The math tells me a 1562 Ohm resistor in parallel with the LED would give me the maximum rated current of 3.2 mA per LED segment. Would that be enough current to get sufficient brightness, though?
Although I didn’t measure it, I think I’m running into similar problems with the shared negative terminal of the LEDs, which is also connected to a GAL output pin. The datasheet says the max current per pin at a low (logic 0) output voltage is 16 mA. If I’m sending 6 mA per LED segment through seven segments with a shared negative terminal, then that’s 42 mA (6 * 7), way more than the rated maximum.
Problem 1001. Now I have something that works, but feels iffy.

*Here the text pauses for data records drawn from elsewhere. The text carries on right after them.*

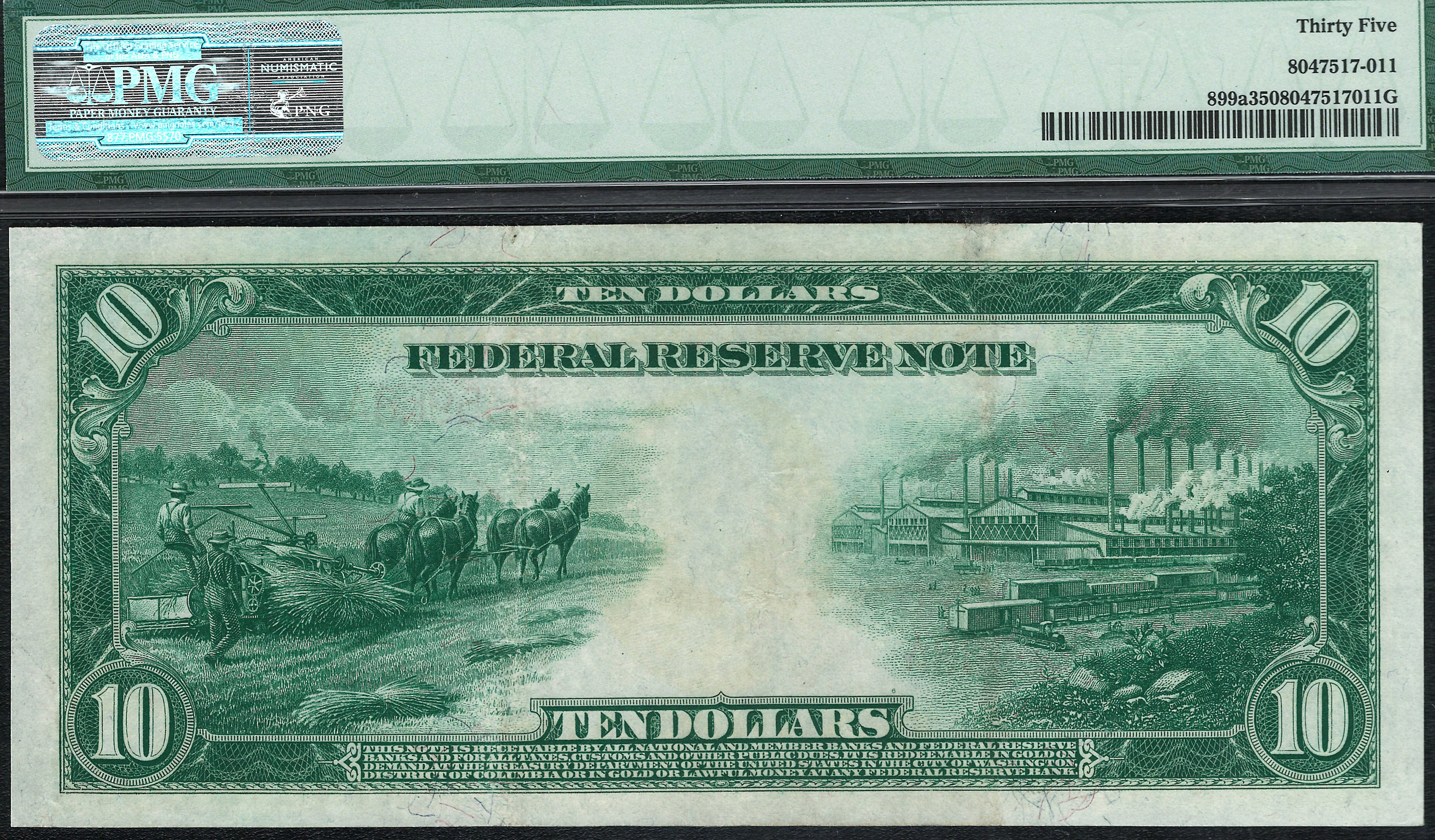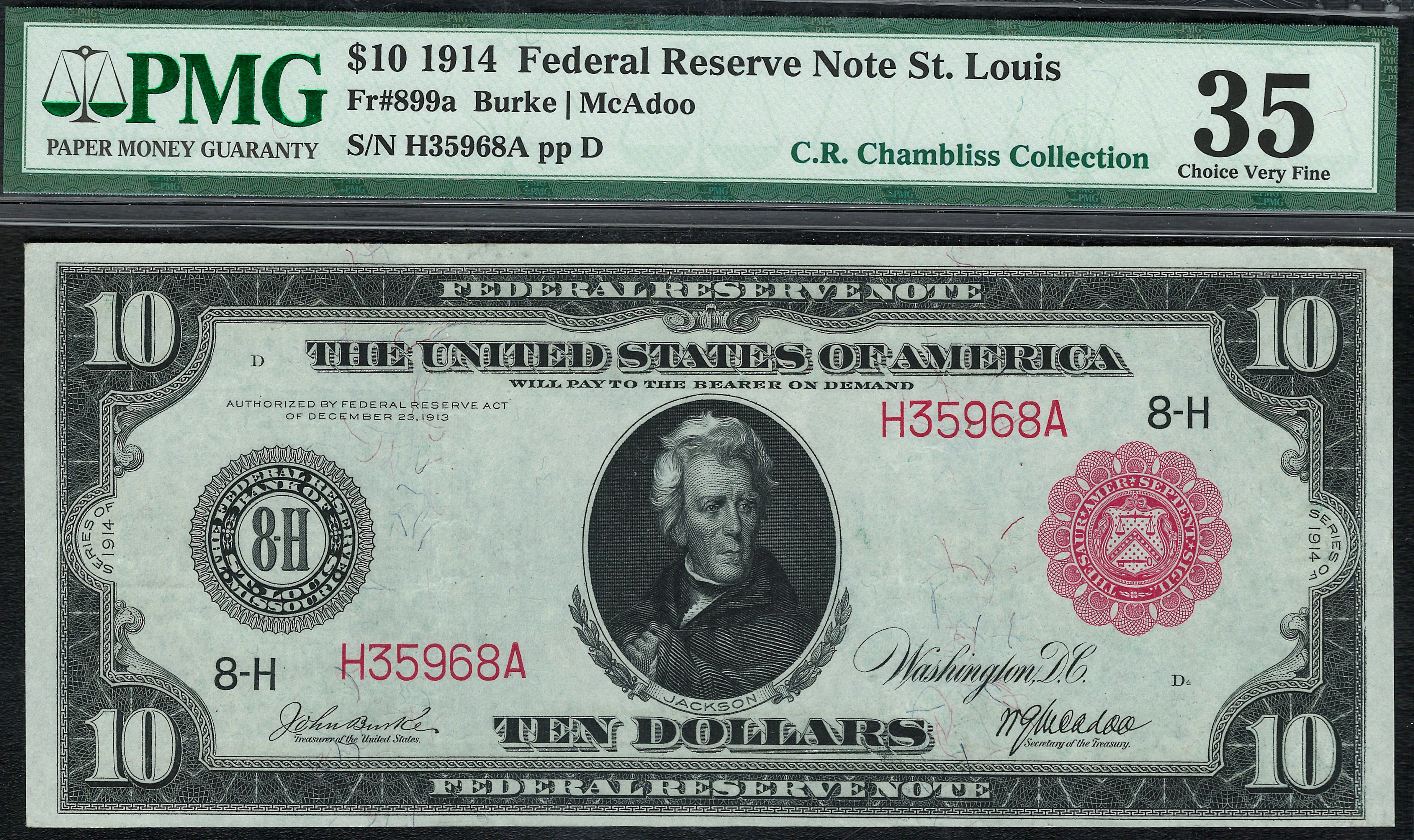 Fr.-899a 1914 $10 St. Louis FRN (RED SEAL) Ser. H35968A PMG 35
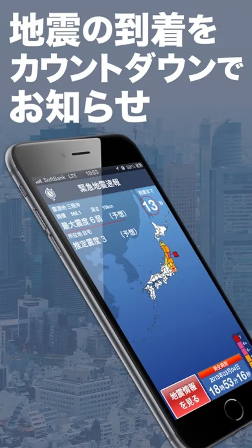 アプリ起動時は、音声によるカウントダウンにて、地震の到達をお知らせします。
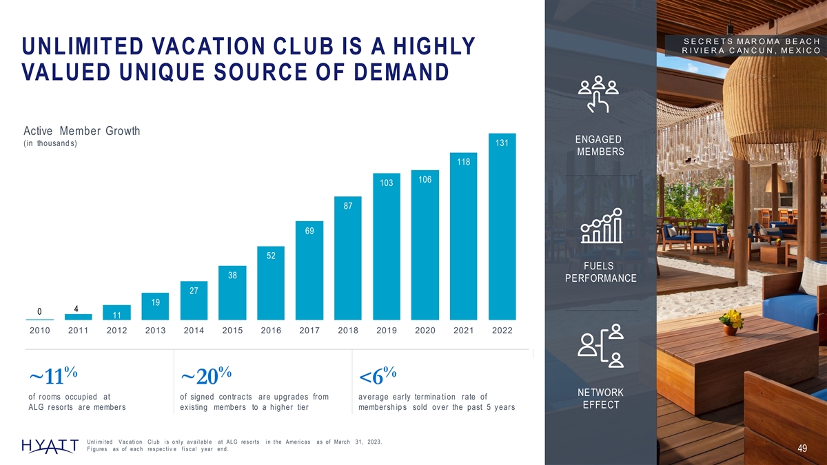S E C R E T S M A R O M A B E A C H R I V I E R A C A N C U N , M E X I C O UNLIMITED VACATION CLUB IS A HIGHLY VALUED UNIQUE SOURCE OF DEMAND Active Member Growth ENGAGED (in thousand s) 131 MEMBERS 118 106 103 87 69 52 FUELS 38 PERFORMANCE 27 19 4 0 11 2010 2011 2012 2013 2014 2015 2016 2017 2018 2019 2020 2021 2022 % % % ~11 ~20 <6 NETWORK of rooms occupied at of signed contrac ts are upgrades from av erage early termina ti on rate of EFFECT ALG resorts are members ex isting members to a higher tier membersh ip s sold ov er the past 5 y ears Unl i mi ted V ac ati on Cl ub i s onl y av ai l abl e at A LG res orts i n the A meri c as as of Marc h 31, 2023. F i gures as of eac h res pec ti v e fi s c al y ear end. 49
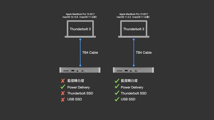 當時手上沒有 M1 MacBook Air 或 M1 MacBook Pro,先用手上 Thunderbolt 3 的 Intel MacBook Pro 測試。發現在 macOS 10.15 Catalina 的版本,是無法正常運作,只有充電的功能。將筆電升級系統到 macOS 11 Big Sur 就可以使用了,這點是使用 Intel CPU 的 Mac 使用者需要留意的部分。而 Apple M1 的電腦則是都可以直接使用,雖然我沒有實測過,不過 OWC 官方已經確認沒問題。
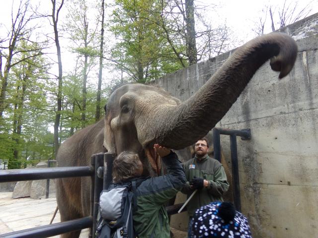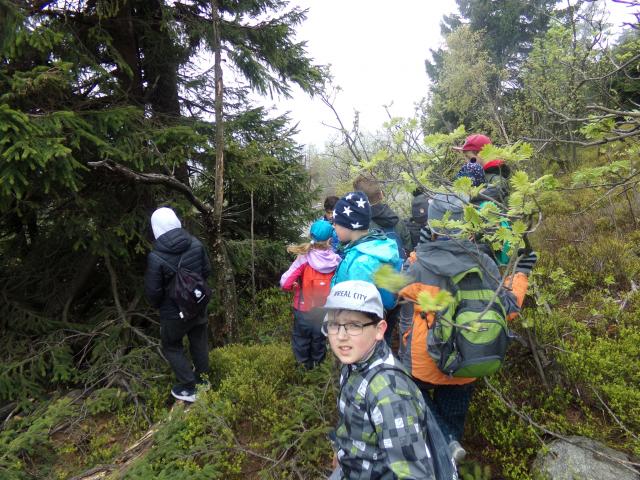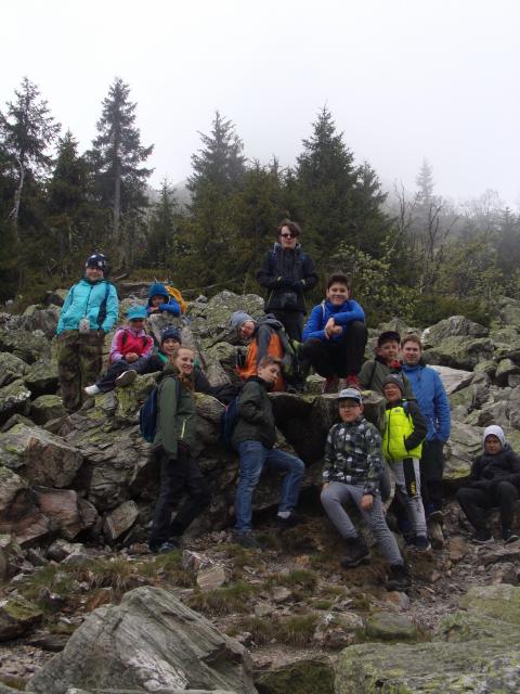 Horší počasí jsme si na tak náročný výstup snad ani v květnu vybrat nemohli. Silně foukalo, padal sníh s vodou a vůbec bylo hrozně nevlídně. Klasická lanovka na Ještěd byla v opravě a tak jsme se na Skalku vydali sedačkovou lanovkou a zbytek jsme museli vyšlapat pěšky. Nějakou dobu jsme se pokoušeli najít i druhou duhovou skrýš, ale prostor kam ukazovala GPS byl silně vykácen, nezůstal kámen na kameni a my jsme v hledání nebyli úspěšní. Cestu dolů jsme statečně v nehostinném počasí šlapali pěšky se zastávkou na turistické chatě, kde jsme se ohřáli a zbaštili kotlík gulášovky. Dolů jsme i přesto, že jsme měli pláštěnky, dorazili zcela promočení. Po obědě byla v plánu návštěva IQLandia, kde jsme trochu proschnuli a zároveň si až do zavíračky hojně užili programu. Mimo duhovou skrýš jsme objevili i další tři poklady v rámci programu Geocaching. Po přesunu na pronajatou chatu, za kterou děkujeme Zoo Liberec jsme se pustili do opékání špekáčků v krbu. Zcela unaveni jsme již před desátou usnuli, že nás v neděli nemohli vedoucí ani probudit. Vzorně jsme chatu uklidili a hurá do zoo. Většina se těšila na bílé tygry a další zvířata. Měli jsme možnost dozvědět se od ošetřovatele vše o indických slonicích, které tu chovají a kdo chtěl, mohl slonici odměnit sloní pochoutkou. Na závěr prohlídky jsme si dali boloňské špagety a pak už jsme pospíchali na vlak. Čekala nás téměř 5 hodin trvající cesta s jedním přestupem v Pardubicích. Výprava se povedla a už pomalu začínáme plánovat, kam vyrazíme příště.
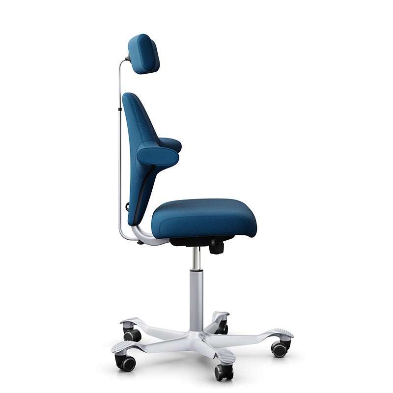 Kontorsstol Capisco Classic 8127, traditionell sits med ryggstöd och nackstöd, Marinblå Tyg Xtreme, sitthöjd 408 - 540 mm, hjul
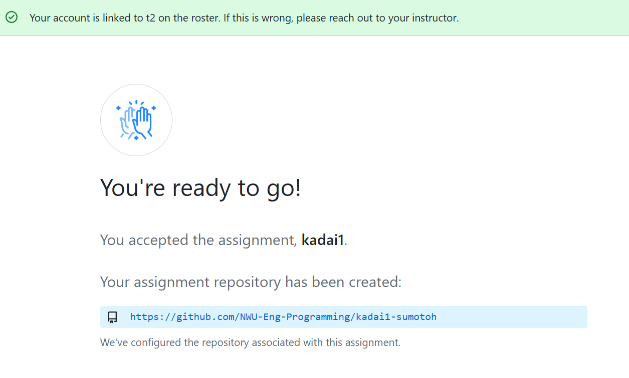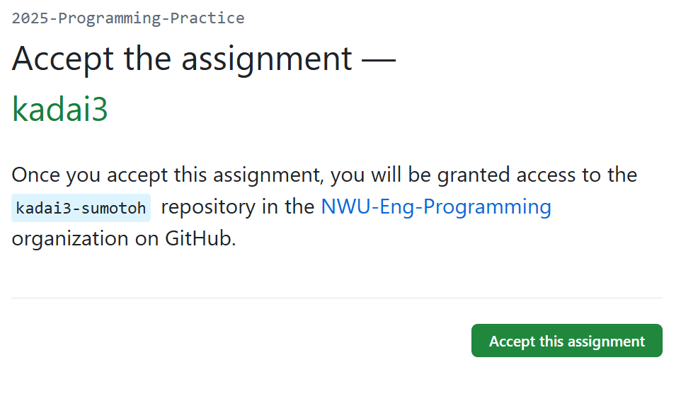GitHub Classroomへの接続が2回目以降の場合,上記のような画面が表示されます.
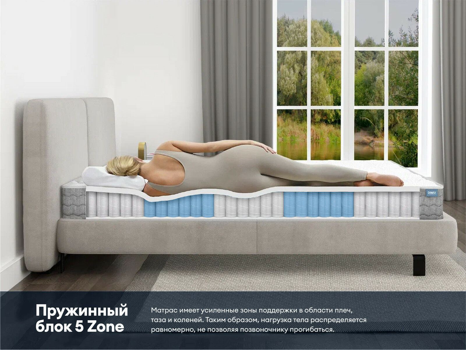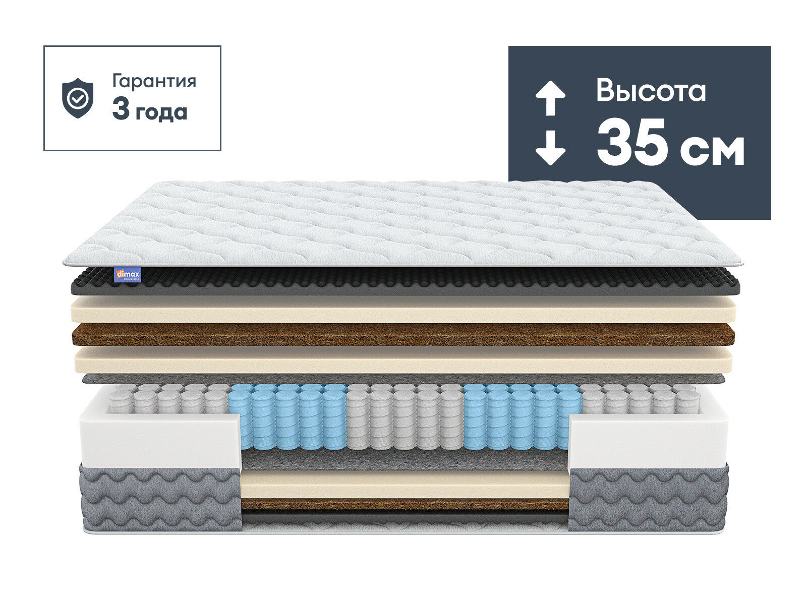 Димакс Биг Медиум — матрас с многослойной системой поддержки, которая объединяет массажные технологии, зональную ортопедию и адаптивный комфорт. Высокая конструкция толщиной 35 см гарантирует правильное распределение нагрузки и безупречный комфорт на протяжении всего сна.
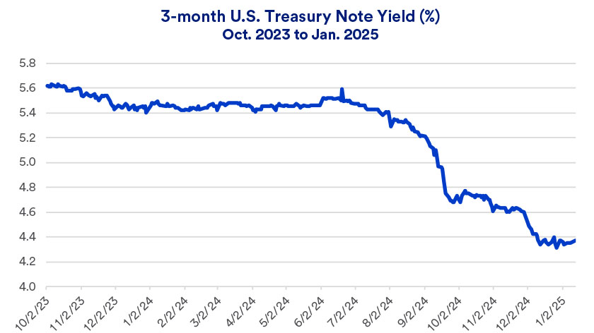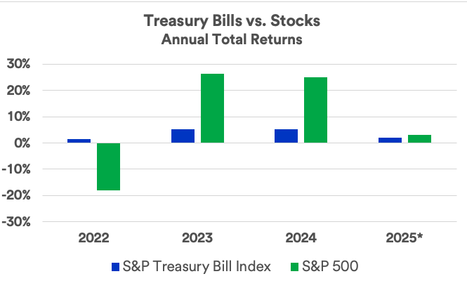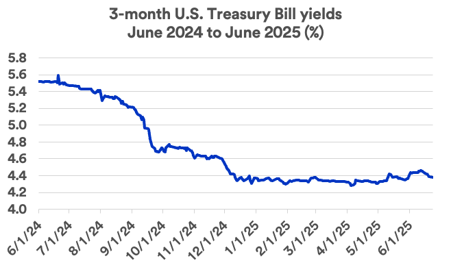 For years, money market accounts, CDs, and U.S. Treasury bills provided only modest returns. Recently, investors enjoyed elevated yields as interest rates rose, with 3-month U.S. Treasury bills yields exceeding 5%. 2 The Federal Reserve (Fed)’s aggressive rate hikes in 2022 and 2023 drove this yield surge, but since late 2024, subsequent rate cuts have caused short-term yields to fall from their peaks. Despite declining short-term rates, cash yields remain attractive to investors, prompting investors to question whether they are holding too much money in cash-equivalent vehicles.
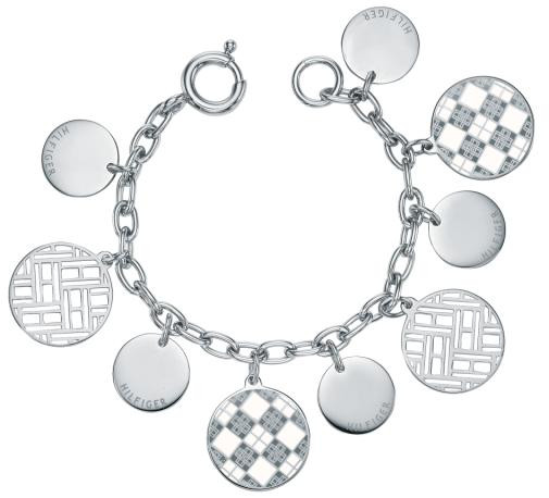 Teräksinen naisten Tommy Hilfiger rannekoru 2700074. Korun pituus on 20cm. Korussa on yhdeksän ympyrää, joista isompien halkaisija on 24mm ja pienempien 18mm. Koru toimitetaan valmistajan alkuperäisessä rasiassa.
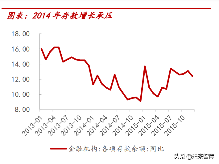 非对称降息下银行净息差确定性收窄;另在金融脱媒背景下,行业存款 增长整体承压。资产端:贷款重定价预计大部分发生在 2015 年中,若 后续不再降息,2015 年中息差才能完成探底。而这轮宽货币周期较长, 直至 2015 年底降息才停止。负债端:面对理财、宝宝类产品的分流, 银行存款增速持续下滑。
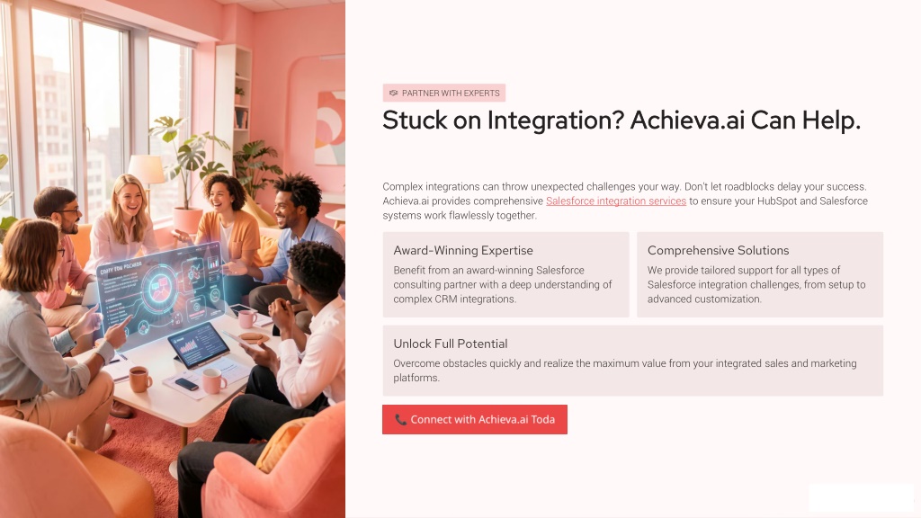 PARTNER WITH EXPERTS Stuck on Integration? Achieva.ai Can Help. Complex integrations can throw unexpected challenges your way. Don't let roadblocks delay your success. Achieva.ai provides comprehensive Salesforce integration services to ensure your HubSpot and Salesforce systems work flawlessly together. Award-Winning Expertise Comprehensive Solutions Benefit from an award-winning Salesforce consulting partner with a deep understanding of complex CRM integrations. We provide tailored support for all types of Salesforce integration challenges, from setup to advanced customization. Unlock Full Potential Overcome obstacles quickly and realize the maximum value from your integrated sales and marketing platforms.
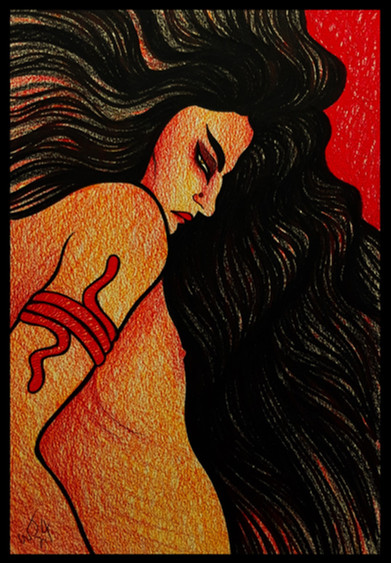 #death #flower #rose #witch #darkfantasy #darkmagiciangirl #ecoline #inkdrawing #lifeanddeath #magicalgirl #mythicalcreature #originalcharacter #originaldesign #serpent #shaman #skull #snakegirl #tattoo #traditionaldrawing #watercolorpainting #illustrationdrawing
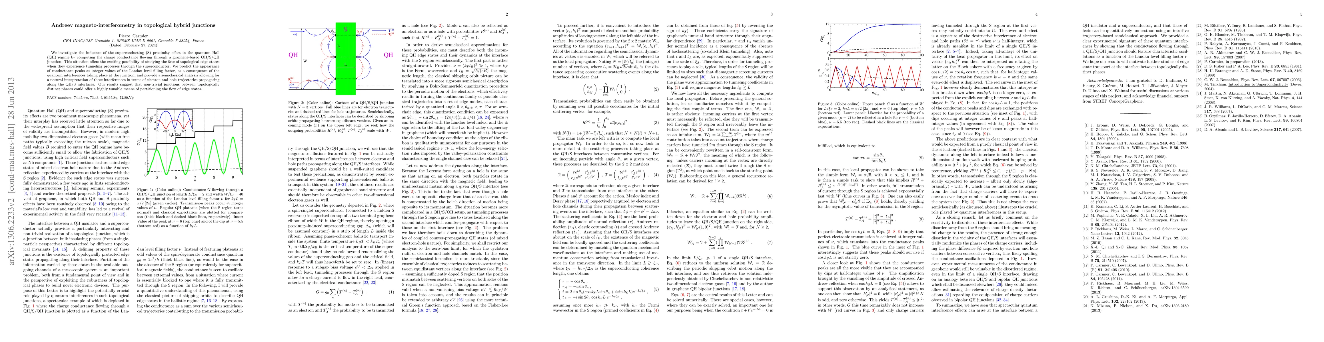 We investigate the influence of the superconducting (S) proximity effect in the quantum Hall (QH) regime by computing the charge conductance flowing through a graphene-based QH/S/QH junction. This situation offers the exciting possibility of studying the fate of topological edge states when they experience tunneling processes through the superconductor. We predict the appearance of conductance peaks at integer values of the Landau level filling factor, as a consequence of the quantum interferences taking place at the junction, and provide a semiclassical analysis allowing for a natural interpretation of these interferences in terms of electron and hole trajectories propagating along the QH/S interfaces. Our results suggest that non-trivial junctions between topologically distinct phases could offer a highly tunable means of partitioning the flow of edge states.

I wouldn’t incorporate it into a finished computer design, due to concerns about greatly exceeding the GAL’s rated maximum output current. The trouble is, I’m not sure how to fix it without introducing more parts between the GAL and the LEDs to provide and regulate current. I’ve seen ready-made LED driver chips, but they’re always binary coded decimal rather than hex. Whatever the ultimate solution, it feels like an awful lot of work just to display a single byte on a pair of LED displays.
To put a positive spin on this experience, I learned more about the kinds of difficulties and pitfalls I’m likely to encounter when I begin to build the machine on the wire wrap board. It’s much better to face them here on the protoboard, where alternative solutions are easy to try, than on the more unforgiving wire wrap board.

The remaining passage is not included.